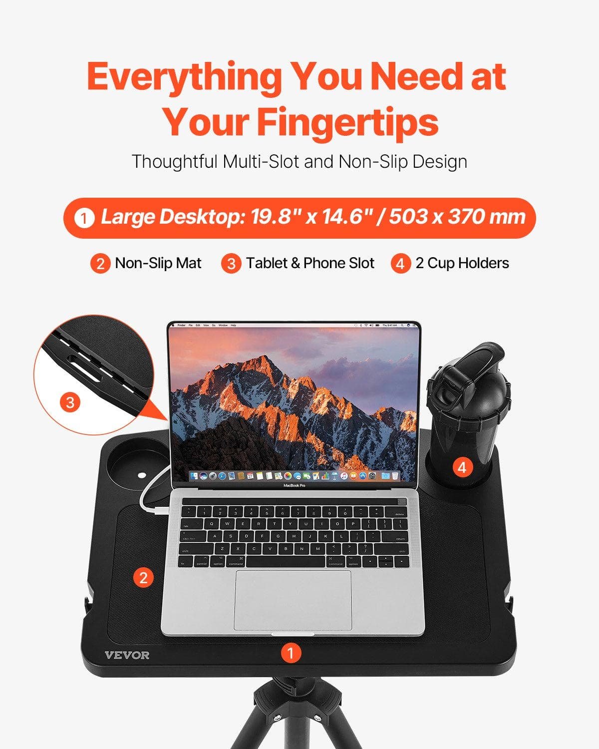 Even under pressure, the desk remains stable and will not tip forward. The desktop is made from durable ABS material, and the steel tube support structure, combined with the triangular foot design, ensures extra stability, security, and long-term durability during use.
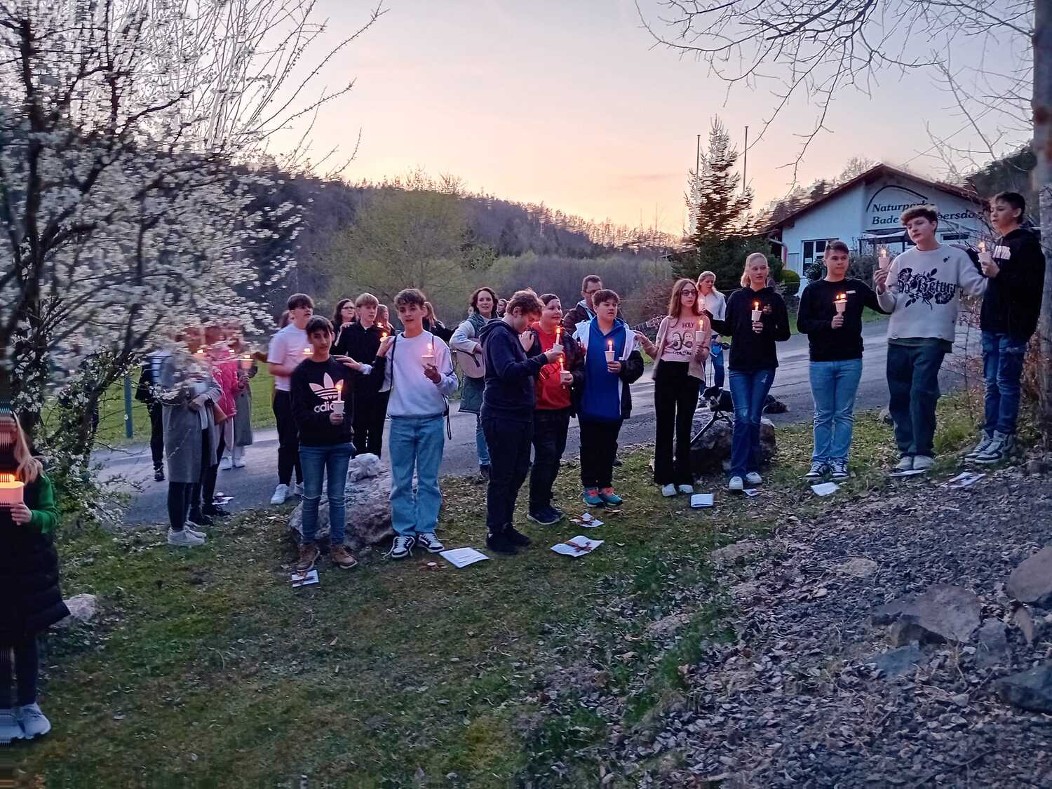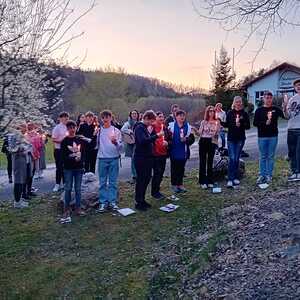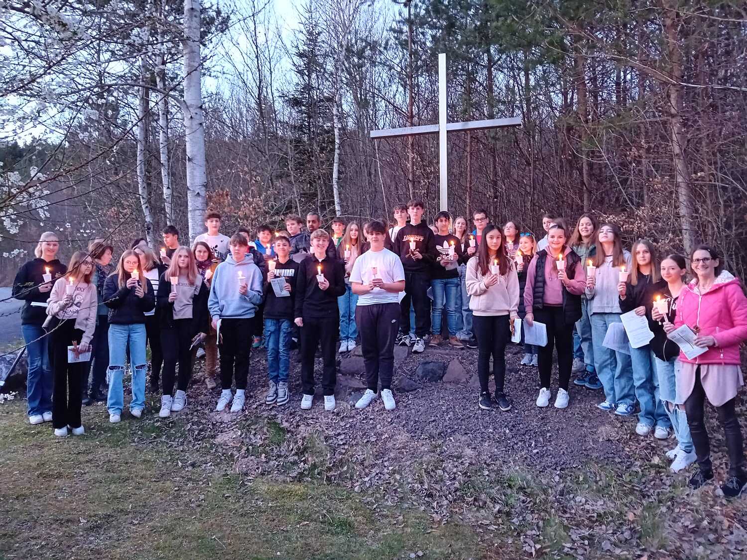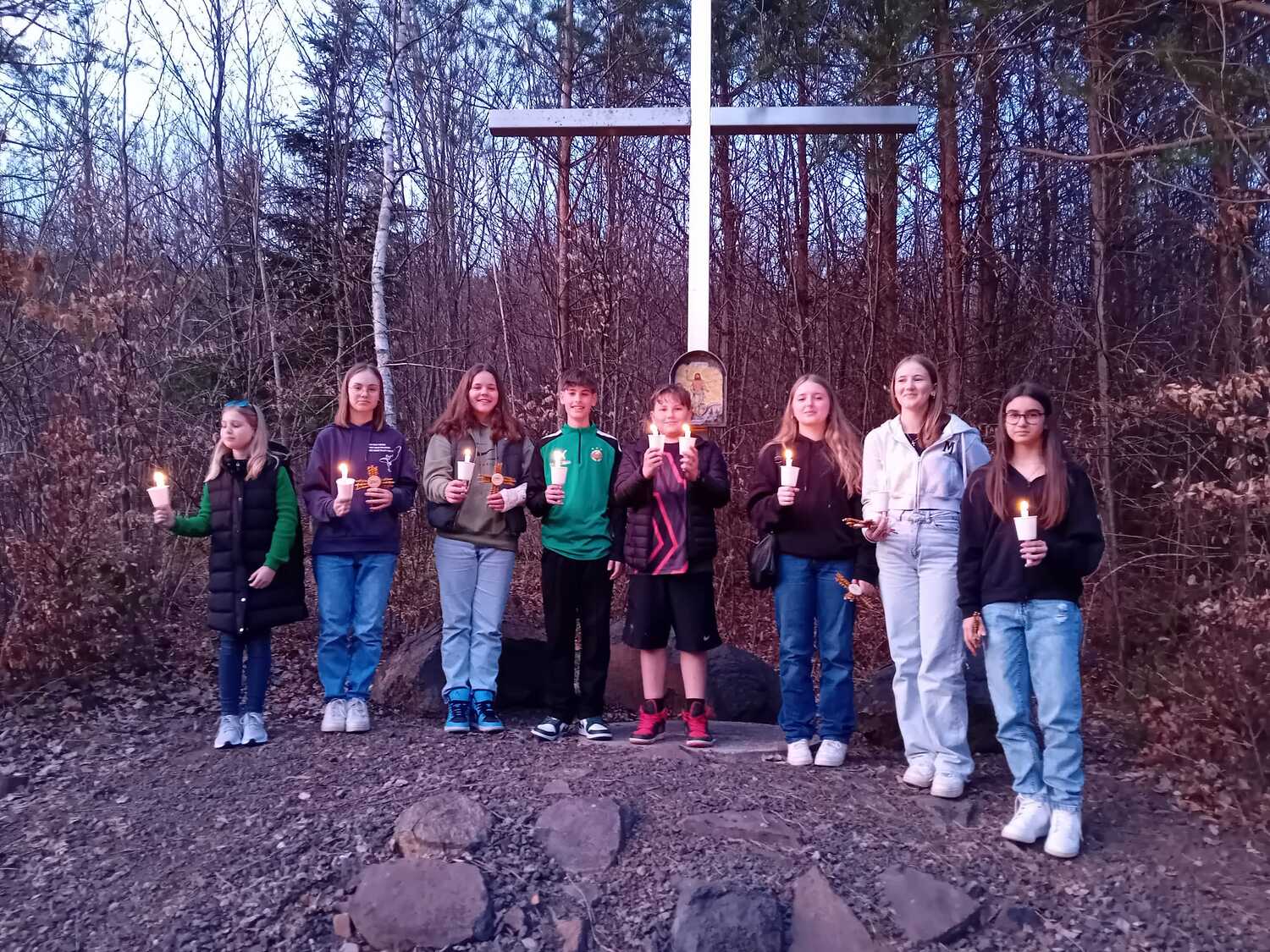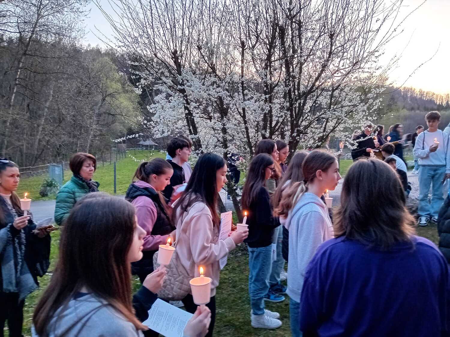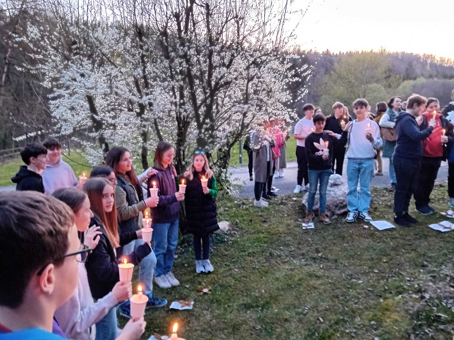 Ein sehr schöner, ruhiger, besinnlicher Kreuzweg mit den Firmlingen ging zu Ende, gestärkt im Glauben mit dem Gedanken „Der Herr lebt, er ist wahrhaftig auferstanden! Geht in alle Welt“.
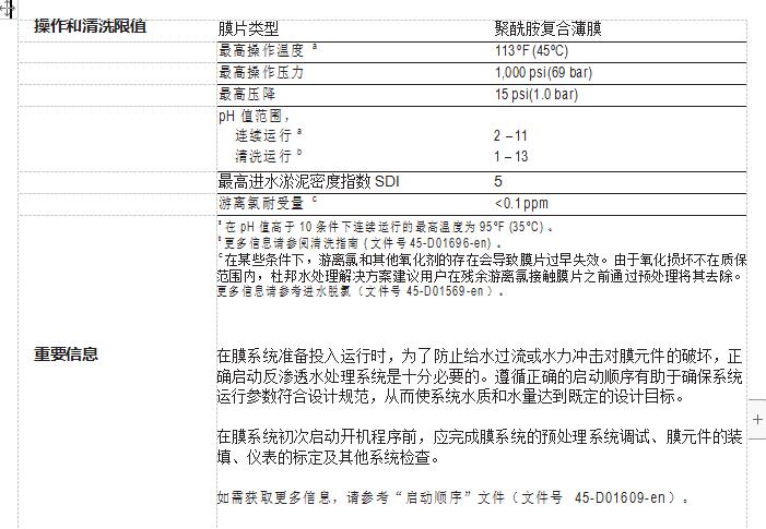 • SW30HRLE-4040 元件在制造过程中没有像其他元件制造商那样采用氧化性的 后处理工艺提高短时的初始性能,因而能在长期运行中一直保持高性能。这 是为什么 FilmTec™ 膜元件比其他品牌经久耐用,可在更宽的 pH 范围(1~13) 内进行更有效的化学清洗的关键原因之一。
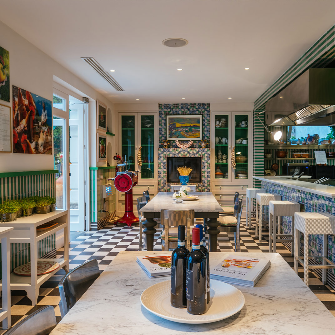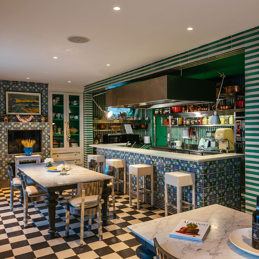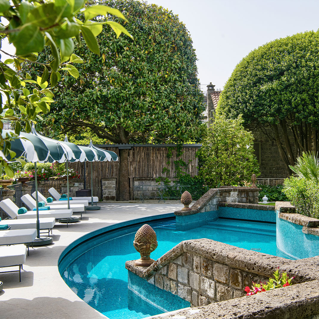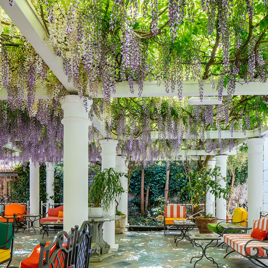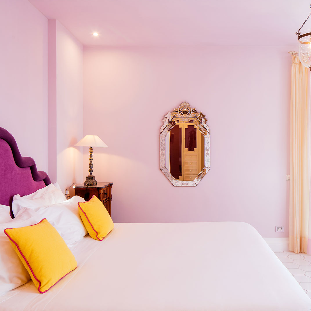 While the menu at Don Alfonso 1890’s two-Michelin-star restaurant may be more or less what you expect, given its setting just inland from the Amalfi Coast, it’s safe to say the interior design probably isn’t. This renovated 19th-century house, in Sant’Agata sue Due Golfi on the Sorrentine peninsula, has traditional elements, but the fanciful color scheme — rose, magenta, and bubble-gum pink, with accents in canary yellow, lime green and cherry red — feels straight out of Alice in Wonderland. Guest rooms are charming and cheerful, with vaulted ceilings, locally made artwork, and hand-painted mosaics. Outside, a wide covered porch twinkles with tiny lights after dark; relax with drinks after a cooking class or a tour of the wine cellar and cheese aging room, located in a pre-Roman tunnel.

=======

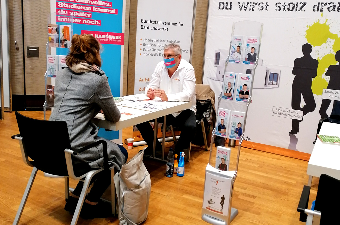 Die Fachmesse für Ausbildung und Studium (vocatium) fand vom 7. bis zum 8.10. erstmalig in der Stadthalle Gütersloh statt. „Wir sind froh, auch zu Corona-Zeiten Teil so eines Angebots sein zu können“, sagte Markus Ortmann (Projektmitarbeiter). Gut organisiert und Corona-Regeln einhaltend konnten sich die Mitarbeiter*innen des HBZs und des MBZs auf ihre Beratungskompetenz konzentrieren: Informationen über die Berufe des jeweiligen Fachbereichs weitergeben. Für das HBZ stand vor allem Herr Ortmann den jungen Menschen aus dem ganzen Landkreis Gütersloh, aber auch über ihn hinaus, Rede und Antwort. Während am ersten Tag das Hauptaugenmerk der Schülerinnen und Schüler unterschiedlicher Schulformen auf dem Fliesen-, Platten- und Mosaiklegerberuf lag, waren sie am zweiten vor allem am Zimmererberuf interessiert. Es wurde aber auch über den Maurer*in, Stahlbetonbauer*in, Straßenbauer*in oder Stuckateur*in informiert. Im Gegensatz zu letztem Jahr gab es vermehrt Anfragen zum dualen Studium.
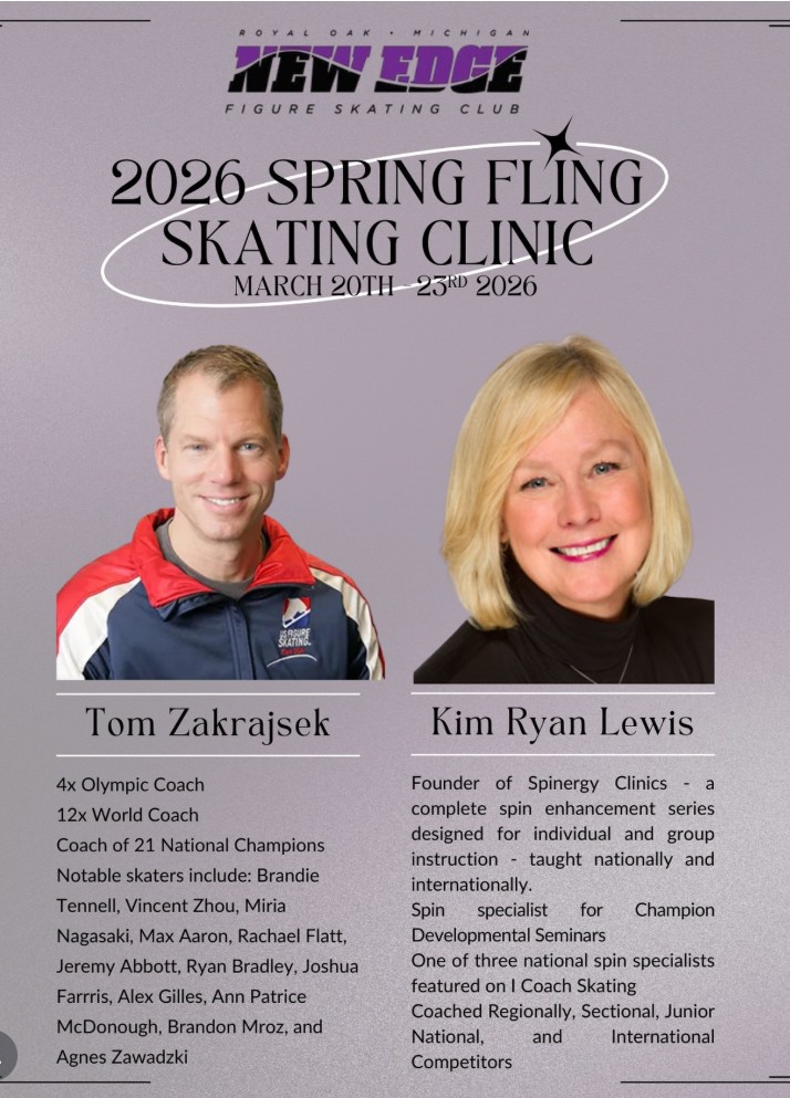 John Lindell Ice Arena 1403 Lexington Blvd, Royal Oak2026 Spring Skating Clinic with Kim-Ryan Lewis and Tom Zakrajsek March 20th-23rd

=======

(What is being asked): The copy should hold only the lines from the one with "Ein sehr schöner, ruhiger, besinnlicher" through the one with "While the menu", exactly as they stand above. Leave out the pictures.

(Output of the task):
 Ein sehr schöner, ruhiger, besinnlicher Kreuzweg mit den Firmlingen ging zu Ende, gestärkt im Glauben mit dem Gedanken „Der Herr lebt, er ist wahrhaftig auferstanden! Geht in alle Welt“.
 • SW30HRLE-4040 元件在制造过程中没有像其他元件制造商那样采用氧化性的 后处理工艺提高短时的初始性能,因而能在长期运行中一直保持高性能。这 是为什么 FilmTec™ 膜元件比其他品牌经久耐用,可在更宽的 pH 范围(1~13) 内进行更有效的化学清洗的关键原因之一。
 While the menu at Don Alfonso 1890’s two-Michelin-star restaurant may be more or less what you expect, given its setting just inland from the Amalfi Coast, it’s safe to say the interior design probably isn’t. This renovated 19th-century house, in Sant’Agata sue Due Golfi on the Sorrentine peninsula, has traditional elements, but the fanciful color scheme — rose, magenta, and bubble-gum pink, with accents in canary yellow, lime green and cherry red — feels straight out of Alice in Wonderland. Guest rooms are charming and cheerful, with vaulted ceilings, locally made artwork, and hand-painted mosaics. Outside, a wide covered porch twinkles with tiny lights after dark; relax with drinks after a cooking class or a tour of the wine cellar and cheese aging room, located in a pre-Roman tunnel.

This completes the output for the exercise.